WHILE trading in the past decade, I have been inspired by the many similarities between the nature surrounding us and the financial markets. I have finally spent some time researching those similarities and have come up with a tangible illustration of the way financial markets resemble nature. It would be surprising to many traders how many of the shapes that are common in the environment surrounding us could be found in the behavior of markets. For the purpose of simplicity, I have interpolated graphs of different markets on top of a landscape picture. The first picture above (taken in Kensington Gardens)  you do see twin trees, which naturally trace the price of USD/CHF. The curve of the chart, forming a double-top pattern made us curious whether those patterns could be found in other forms of nature…

 

6Fountaine

In the next picture, the price of the EUR/NZD follows the track of the water droplets of this fountain forming another beautiful double-top pattern. It’s an almost perfect fit, where it’s still not thoroughly quantified whether it is a striking coincidence, or nature is a perfect match of the markets.

7Tree

The photo above shows the surface of a fallen tree.

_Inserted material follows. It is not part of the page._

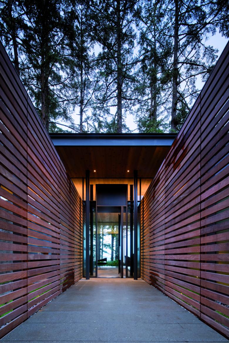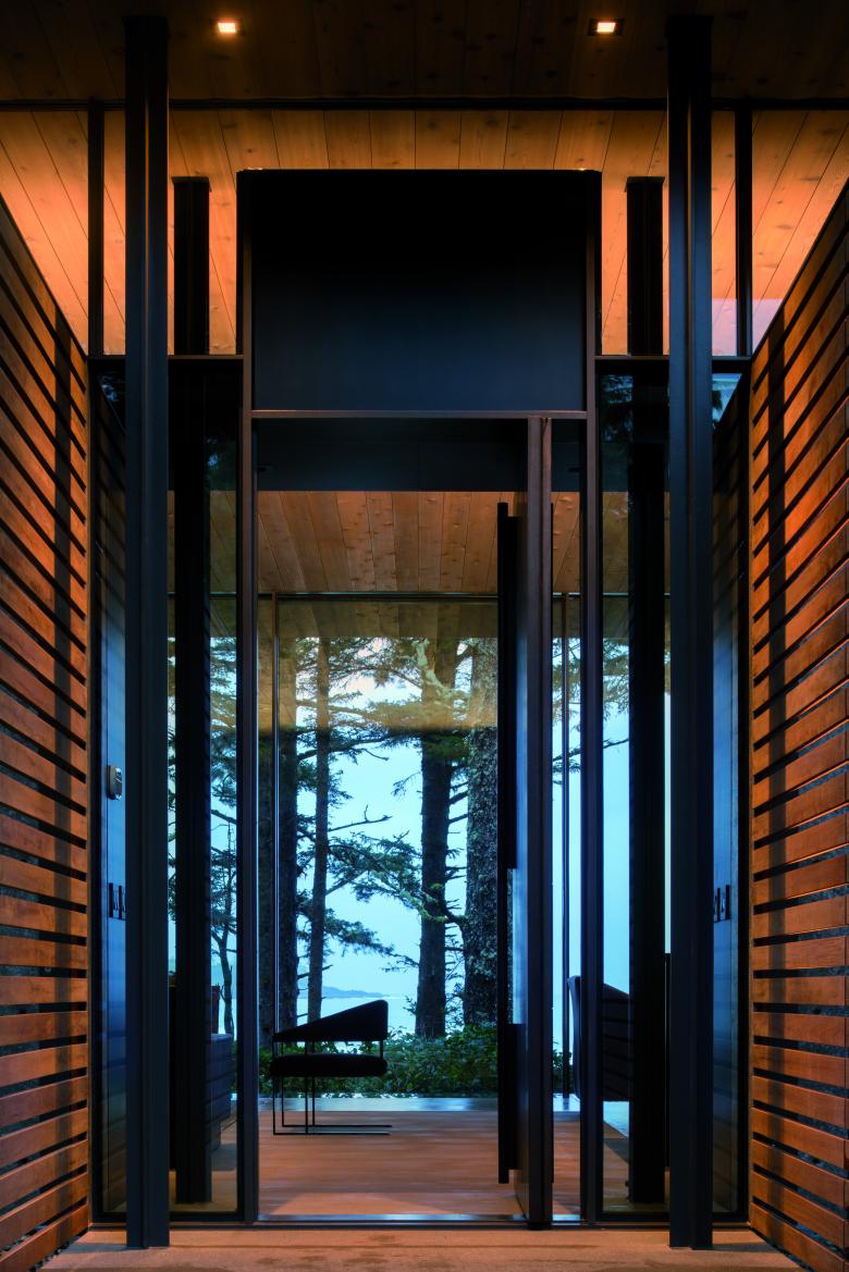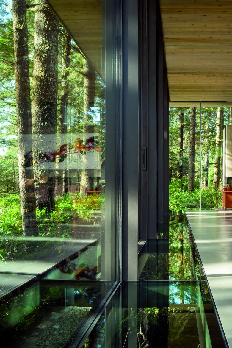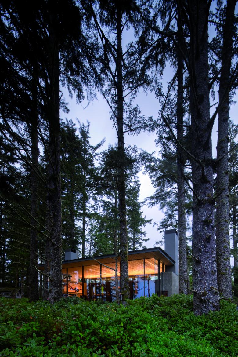 Glass walls open the living area to panoramic views of forest and ocean, while two fireplaces on either end anchor the space and provide a feeling of refuge. Cantilevering the house from its base provides space for ferns and beach salal to grow underneath the glass flooring that runs the perimeter of the main room, giving the sense of floating above the forest floor.

You can find a stunning resemblance between this fallen tree trunk and the price of USD/JPY. The market pattern can be described as a “range”, or a moment of tranquility and it literally describes the state of the tree.

2SKY

The following photo is taken on a highway in Washington. The resemblance between the twilight and CHF/JPY is striking. It is amazing how the shape of the clouds falls and then rises in tandem with this currency pair.

4Kangourou

Another picture taken in Australia is showing an Australian Wallaby. The curves of this elegant animal are sharing a striking similarity with the price pattern of another currency pair- EUR/JPY. We leave for the trader to decide, which direction the market will take… or maybe the wallaby will decide to leap first.

3Fourmis

In a continuous search for more natural patterns occurring in the financial markets, we have found that the shape of this tree branch in Hyde Park is amazingly close to the price of Oil for the period between Nov 2011- Mar 2012, where it rose almost 18 USD. With a bit more imagination, we can predict the price of oil by following the little steps of the ants going up the branch.

8Houx

The chart above shows the price of the AUD/USD. Resembling a classical “Head and Shoulders” formation the currency pair is outlining the shape of an evergreen holly tree leaf, giving us one more reason to believe that there is nothing more natural than the simultaneous movement of price and nature.

5feuilles

The last photo is of a foliage and does resemble the price of GBP/USD. The contrast between the last green leaves of a passing summer and the brownish color of the autumn is giving the outline for this striking similarity. In the end, what could be more disturbing than a falling market!